Behand­lungen

Weitere Laser­behand­lungen

Neben der Vitreolyse-Behand­lung kommen in unserer Augen­ta­ges­klinik in Berlin und Wittenberg noch diverse weitere Laser zum Einsatz, die für eine Vielzahl von Behand­lungen, z. B. der Netzhaut oder eines Nachstars, geeignet sind. Neben den zuvor eingehend beschrie­benen Laser­behand­lungen der Hornhaut und des Glaskör­pers bieten wir unseren Patienten zahlreiche weitere Laser­ein­griffe zur Therapie von Netzhaut­er­kran­kungen, des Nachstars sowie des Grünen Stars an.

Laser­be­hand­lung der Netzhaut

Zur Behand­lung der Netzhaut bei Diabetes oder bei Netzhaut­lö­chern können thermi­sche Laser (Argon-Laser) verwendet werden, die zu einer Erhitzung und „Koagu­la­tion” des Gewebes führen.
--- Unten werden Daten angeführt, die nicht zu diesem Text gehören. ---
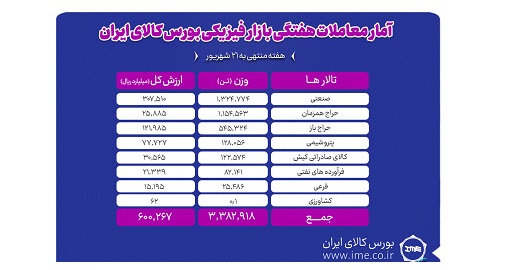 در معاملات هفته گذشته بازار فیزیکی بورس کالای ایران ۳ میلیون و ۳۸۲ هزار و ۹۱۸ تن انواع محصول به ارزش ۶۰ هزار میلیارد تومان دادوستد شد.

Hierbei wird die Netzhaut punktuell so erhitzt, dass zum einen ein gezielter Gewebs­un­ter­gang herbei­ge­führt wird, um benach­bartes Gewebe besser erhalten zu können (bei der Behand­lung der diabe­ti­schen Netzhaut­er­kran­kung) – oder um die „Verschwei­ßung” der Netzhaut mit darun­ter­lie­genden Struk­turen herbei­zu­führen, wie z. B. bei Lochbil­dungen in der Netzhaut. So können im Idealfall eine Ablösung der gesamten Netzhaut und weitere operative Eingriffe verhin­dert werden.
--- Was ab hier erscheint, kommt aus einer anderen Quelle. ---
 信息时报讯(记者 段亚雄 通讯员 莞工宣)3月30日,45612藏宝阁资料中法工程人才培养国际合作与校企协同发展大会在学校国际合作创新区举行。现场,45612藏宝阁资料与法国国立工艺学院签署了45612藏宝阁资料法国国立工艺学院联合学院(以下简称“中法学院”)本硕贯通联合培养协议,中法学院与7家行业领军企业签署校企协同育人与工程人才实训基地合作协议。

Laser­be­hand­lung des Nachstars

Bildet sich nach einer Grauen Star-Operation ein sogenannter Nachstar (Membran hinter der einge­setzten künst­li­chen Linse), kann mittels eines spezi­ellen YAG-Lasers (Neodym-YAG-Laser) eine umschrie­bene „Sprengung” dieses Gewebes herbei­ge­führt werden (sog. photodisruption/​fragmentation). Diese Behand­lung ist komplett schmerz­frei.
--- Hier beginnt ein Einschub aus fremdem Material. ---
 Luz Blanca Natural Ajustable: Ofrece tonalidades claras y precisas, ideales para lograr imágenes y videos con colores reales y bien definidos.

Laser­be­hand­lung des Glaukoms

Ein anderer Einsatzort für sogenannte „heiße“ Laser, welche zur Koagu­la­tion von Gewebe führen, sind bestimmte Formen des Grünen Stars, bei denen der kammer­was­ser­pro­du­zie­rende Ziliar­körper punktuell zerstört wird; hier verwendet man einen so genannten Dioden-Laser, der eine Cyclo­pho­to­ko­agu­la­tion bewirkt. Mittels YAG-Laser kann bei Engwin­kel­glaukom eine punktu­elle Eröffnung des Irisge­webes (Irido­tomie) durch­ge­führt werden, um so den Kammer­was­ser­ab­fluss zu verbes­sern und einen drohenden Winkel­block (Glaukom­an­fall) zu verhin­dern.